WORK REQUIRED —
An exact reproduction of the lines below, from the first through the one with "滨海大道(总部基地段)交通综", is the whole answer; pictures have no place in it.

------ INFORMATION SHOWN

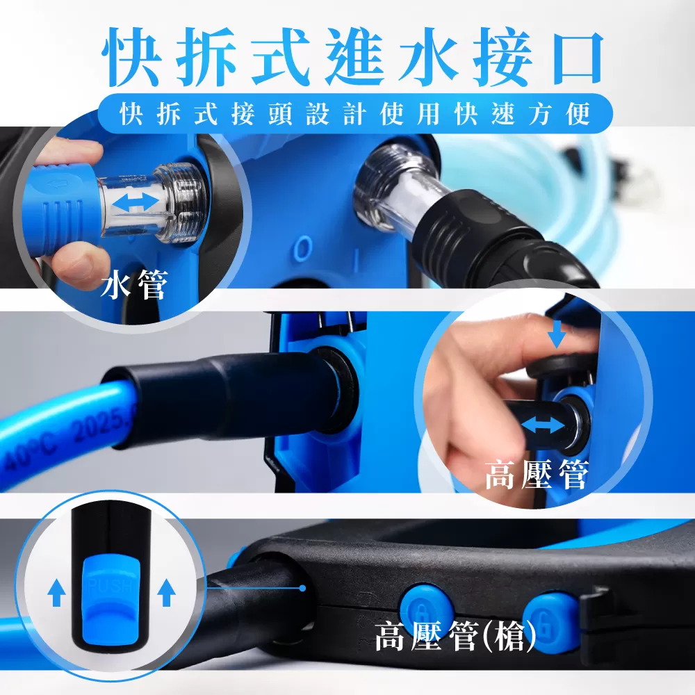 - 接上水管/水龍頭至清洗機,噴槍接上噴頭與高壓管,插上電源開啟開關,開始使用。
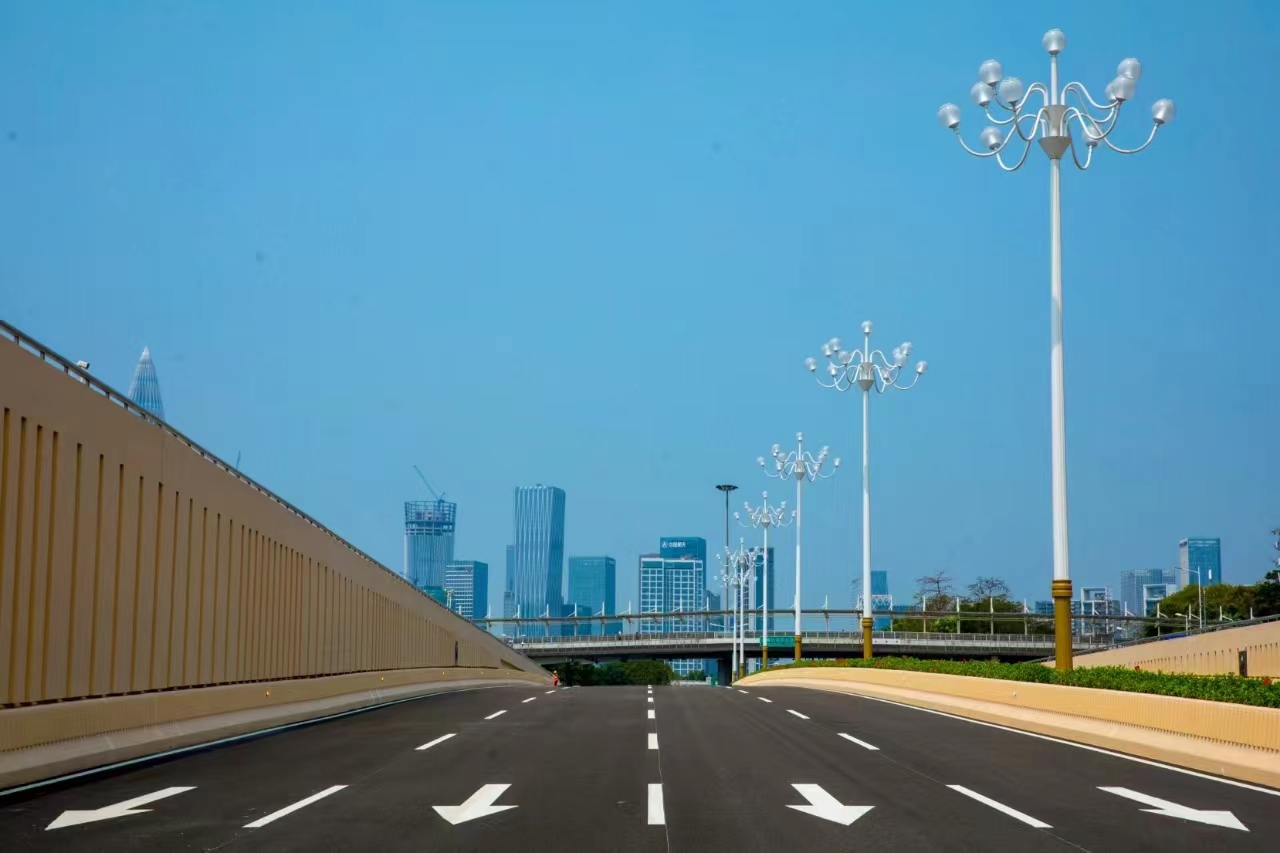 滨海大道(总部基地段)交通综合改造工程剩余的辅道建设将于今年下半年全面完工,届时将形成主道双向8车道和辅道双向6车道的整体规模。项目建成后,滨海大道将有效串联桂庙路隧道、滨河大道,缓解了滨海大道总部基地段交通瓶颈;下沉隧道预留2进2出匝道连接深超总地下路网,可满足深超总开发产生的大量交通到发需求;深圳湾超级总部基地段将形成“地面+地下”立体化交通,能有效缓解滨海大道交通瓶颈,同时释放出一片面积约10万平方米、相当于14个标准足球场的巨大绿地,消除滨海大道对深圳湾景观带的分隔,促进城市建筑与滨海景观融合,提供更高品质公共空间,打造湾区活力新引擎。
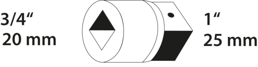 Napęd kwadratowy 20 mm (3/4″) - do nasadek obsługiwanych ręcznie - z blokadą sworznia - stal wanadowa - chromowane - radełkowane - napęd kwadratowy wewnętrzny 20 mm (3/4″) do zewnętrznego 25 mm (1″) - DIN 3123 / ISO 3316
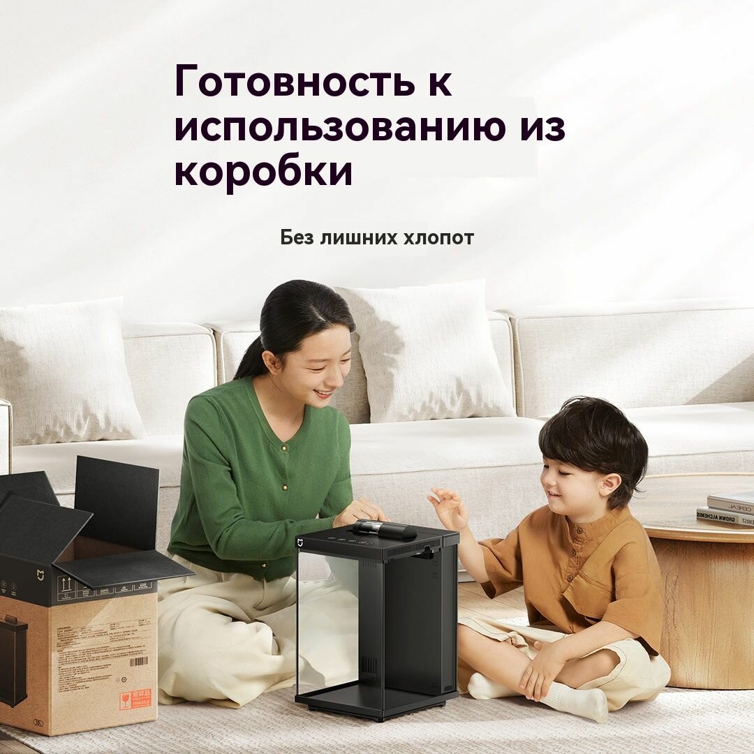 Трехуровневый фильтр с угольным слоем и керамическими кольцами работает через интегрированный насос производительностью 380 л/ч. В приложении Mi Home настраиваются режимы:
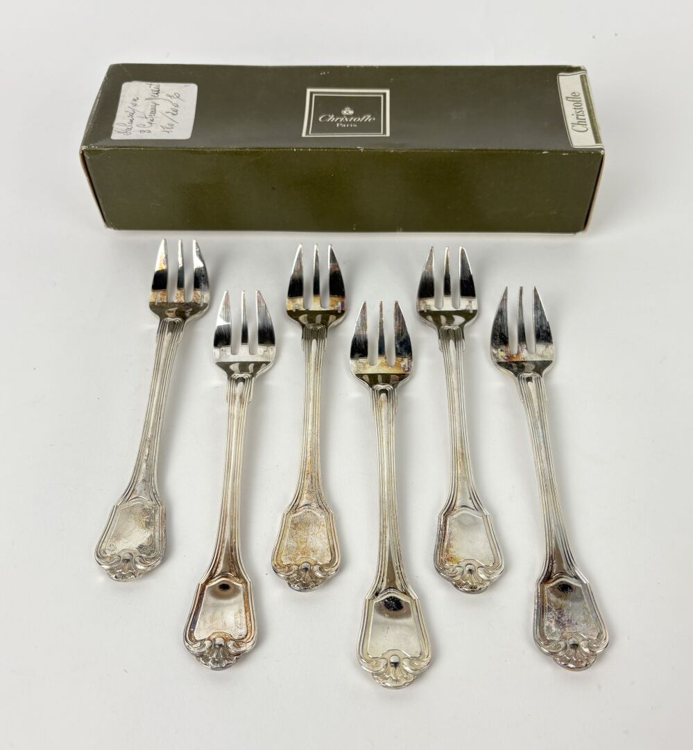 CHRISTOFLE Modèle Port Royal - Suite de six fourchettes à huitre en métal argenté Dans une boite
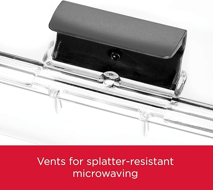- Microwave-friendly: Built-in vents under the latches for splatter-resistant reheating with lid on
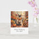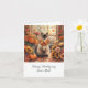 Cartão Autumn Cat com Flores Queda Estação de Ação de Gra
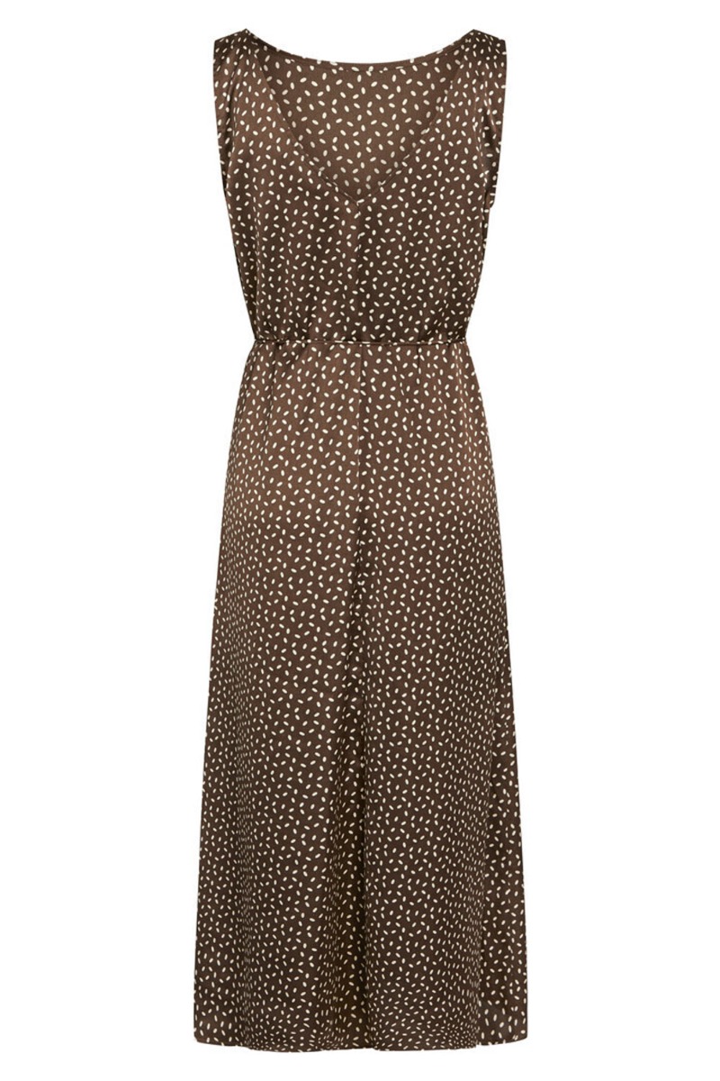 En fin kjole fra Bruuns Bazaar i brun med s må hvid prikker. Den er lang med V udskæring bagtil. Derudover er den et lille smalt bånd som er lavet i samme stof. Der er slids i bunden i den ene side. Kjolen findes også i hvid.

------------

COMPLETED TASK —
 - 接上水管/水龍頭至清洗機,噴槍接上噴頭與高壓管,插上電源開啟開關,開始使用。
 滨海大道(总部基地段)交通综合改造工程剩余的辅道建设将于今年下半年全面完工,届时将形成主道双向8车道和辅道双向6车道的整体规模。项目建成后,滨海大道将有效串联桂庙路隧道、滨河大道,缓解了滨海大道总部基地段交通瓶颈;下沉隧道预留2进2出匝道连接深超总地下路网,可满足深超总开发产生的大量交通到发需求;深圳湾超级总部基地段将形成“地面+地下”立体化交通,能有效缓解滨海大道交通瓶颈,同时释放出一片面积约10万平方米、相当于14个标准足球场的巨大绿地,消除滨海大道对深圳湾景观带的分隔,促进城市建筑与滨海景观融合,提供更高品质公共空间,打造湾区活力新引擎。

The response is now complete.